Strawl shook his head. “I am not sure what's put me here, but unless someone throws lead my direction, I don't plan on shooting.”
“Will you arrest us, then?”
“Who here would allow it without guns? And I already told you I'm not inclined to do that. Elijah, however, is excluded on both counts.”
Marvin nodded. He steered Strawl up a trail to a rock outcropping that overlooked the camp. They sat and smoked a long time.
“One of those women wife to a Cloud boy?” Strawl asked.
“Two,” Marvin answered. “One to each.”
Beneath them, Inez organized the women into something resembling an apple-packing line at two split logs, which served as tables. There, some chopped roots and vegetables raised in a garden they'd passed climbing to where they now sat. Others gutted a stringer of trout, and two more plucked sage hens. They were preparing tomorrow's meals.
“Couldn't help but notice she was with child. A good deal of others seem in the same state.
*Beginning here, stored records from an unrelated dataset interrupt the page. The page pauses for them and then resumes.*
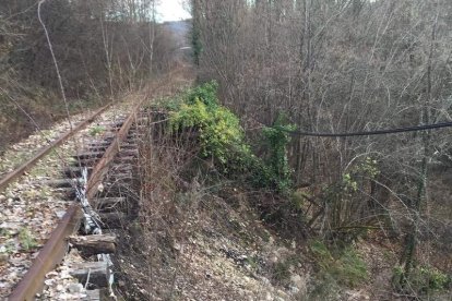 Los desprendimientos, especialmente en las inmediaciones de Toreno y de Corbón del Sil (Palacios del Sil), y la erosión del agua en el puente del embalse de Las Rozas, a cinco kilómetros de Villablino, son las mayores amenazas para el trazando del antiguo ferrocarril entre Ponferrada y Laciana, hoy reducido hasta Cubillos, según advirtió ayer la asociación Cultural Ferroviaria Berciana (CFB) tras realizar una inspección al trazado que une las dos comarcas.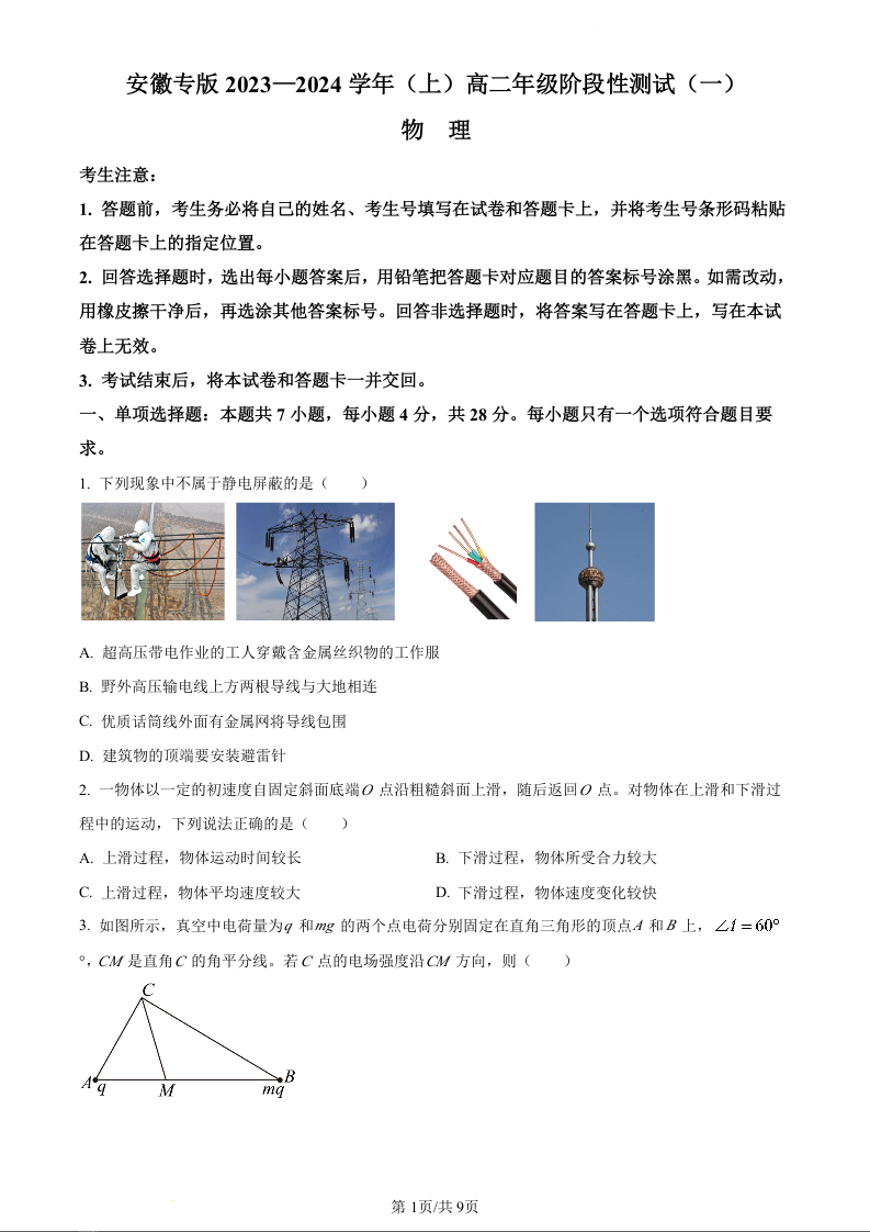 安徽省部分学校2023-2024学年高二10月联考物理+答案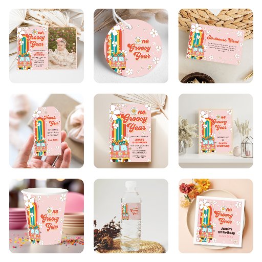 Groovy Girl Retro Rainbow Baby ShowParty Einladung

I'm guessing you're not building a home for wayward women out this far.”
“No,” Marvin said.
“No felony,” Strawl said. “Impolite and a sin, but law doesn't reach that far.”
“They are all pregnant with Elijah's children.” Marvin tapped the pipe then struck a match and handed it to Strawl, who smoked then tried not to cough at the harsh mixture.
“But those Cloud girls, their husbands are barely cold.”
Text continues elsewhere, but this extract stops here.